Para nestas eleições, a FNLA dá prioridade à justiça social, com destaque para a educação, com vista a, salientou, "apostar na formação do Homem como única via para a sua emancipação". "O desenvolvimento sem educação é criação de riquezas apenas para privilegiados", disse. O programa de governo contempla ainda a garantia do emprego, o fomento da agricultura sustentável, como primeiro passo para a criação de uma indústria transformadora e o direito à habitação.

Partido histórico angolano que iniciou a partir da União dos Povos de Angola (UPA) a luta de libertação do colonialismo português, Lucas Ngonda destacou do programa de Governo a atenção que considera dever ser dada aos antigos combatentes, que não têm ainda as regalias merecidas.

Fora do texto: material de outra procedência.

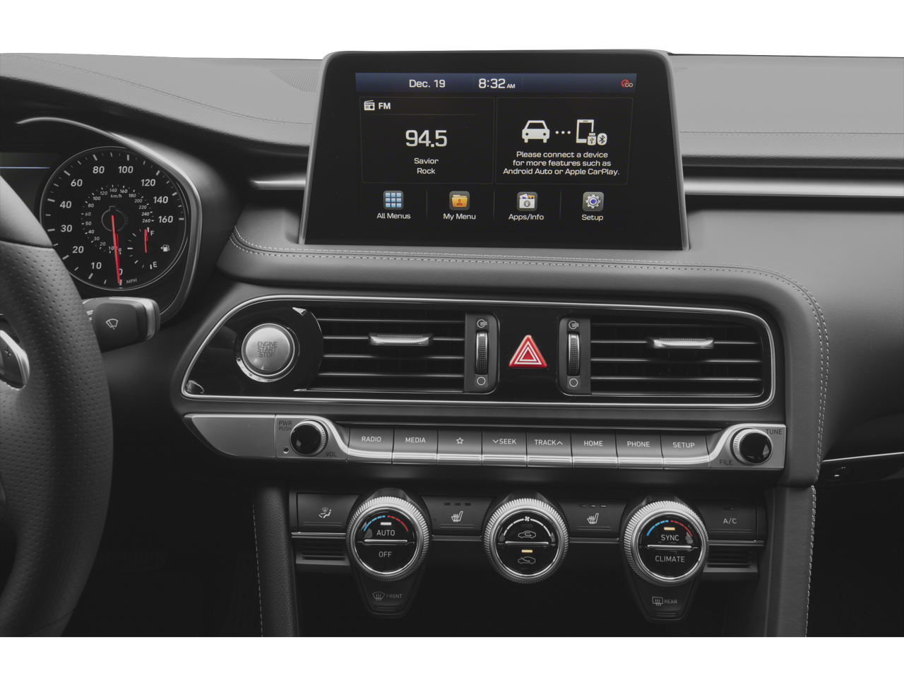 This 2021 Genesis G70 is equipped with Option Group 02 w/Prestige Package (12-Way Power Passenger Seat w/4-Way Power Lumbar, 14-Way Power Driver Seat w/ Cushion Extension, Door & Console Aluminum Trim, Forward/Reverse Parking Distance Warning, Front Passenger Seat Walk-In Device, Genesis Logo Approach Lights, Heated Front Seats, Integrated Memory System (IMS), Integrated Navigation System, Power Folding Auto-Dimming Outside Mirrors, Power Tilt & Telescopic Steering Wheel, Radio: AM/FM/SiriusXM/HD Radio Lexicon Audio Sys, and Wide Sunroof), Prestige Package (4-Way Power Lumbar Front Passenger Seat, Heads-Up Display (HUD), Heated Rear Seats, Heated Steering Wheel, Low Beam Assist (LBA), Microfiber Suede Headliner, Nappa Leather Seating Surfaces w/Luxury Quilting, Option Group 03, Power Driver Seat Cushion Extension, Rain-Sensing Wipers, Surround View Monitor (SVM), Ventilated Front Seats, Wheels: 19 x 8.0J Fr & 19 x 8.5J Rr Alloy, and Wireless Charging Pad), 4-Wheel Disc Brakes, 6 Speakers, ABS brakes, Air Conditioning, Alloy wheels, AM/FM radio: SiriusXM, Android Auto & Apple CarPlay, Anti-whiplash front head restraints, Auto High-beam Headlights, Auto-dimming Rear-View mirror, Automatic temperature control, Brake assist, Bumpers: body-color, Delay-off headlights, Driver door bin, Driver vanity mirror, Dual front impact airbags, Dual front side impact airbags, Electronic Stability Control, Emergency communication system: Genesis Connected Services, Exterior Parking Camera Rear, Four wheel independent suspension, Front anti-roll bar, Front Bucket Seats, Front Center Armrest, Front dual zone A/C, Front reading lights, Fully automatic headlights, Garage door transmitter: HomeLink, Heated door mirrors, Illuminated Door Scuff Plates, Illuminated entry, Knee airbag, Leatherette Seating Surfaces, Low tire pressure warning, Multi-Adjustable Front Bucket Seats, Occupant sensing airbag, Outside temperature display, Overhead airbag, Overhead console, Panic alarm, Passenger door bin, Passenger vanity mirror, Power door mirrors, Power driver seat, Power passenger seat, Power steering, Power windows, Premium First Aid Kit, Radio: AM/FM/SiriusXM/HD Audio System, Rear anti-roll bar, Rear Bumper Applique, Rear Mud Guards, Rear reading lights, Rear seat center armrest, Rear window defroster, Remote keyless entry, Reversible Cargo Tray, Security system, Speed control, Speed-Sensitive Wipers, Split folding rear seat, Steering wheel mounted audio controls, Tachometer, Telescoping steering wheel, Tilt steering wheel, Traction control, Trip computer, Turn signal indicator mirrors, Variably intermittent wipers, and Wheels: 18 x 8.0J Alloy w/Bright Finish.
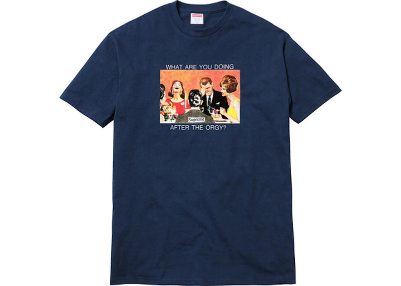 The Supreme Orgy Tee Navy is now available at Side Kicks!

Por outro lado, defendeu a urgência da reforma da justiça para, considerou, "acabar com as injustiças sociais, apostar na formação do homem, garantir ao cidadão o direito à terra e a participar no processo de desenvolvimento de Angola". "Esta sociedade vem de uma dominação colonial servil", salientou.

A apresentação do programa de governo da FNLA coincidiu com a passagem do quinto aniversário sobre a morte de Holden Roberto, fundador do partido, e no início da cerimónia observou-se um minuto de silêncio para assinalar a efeméride.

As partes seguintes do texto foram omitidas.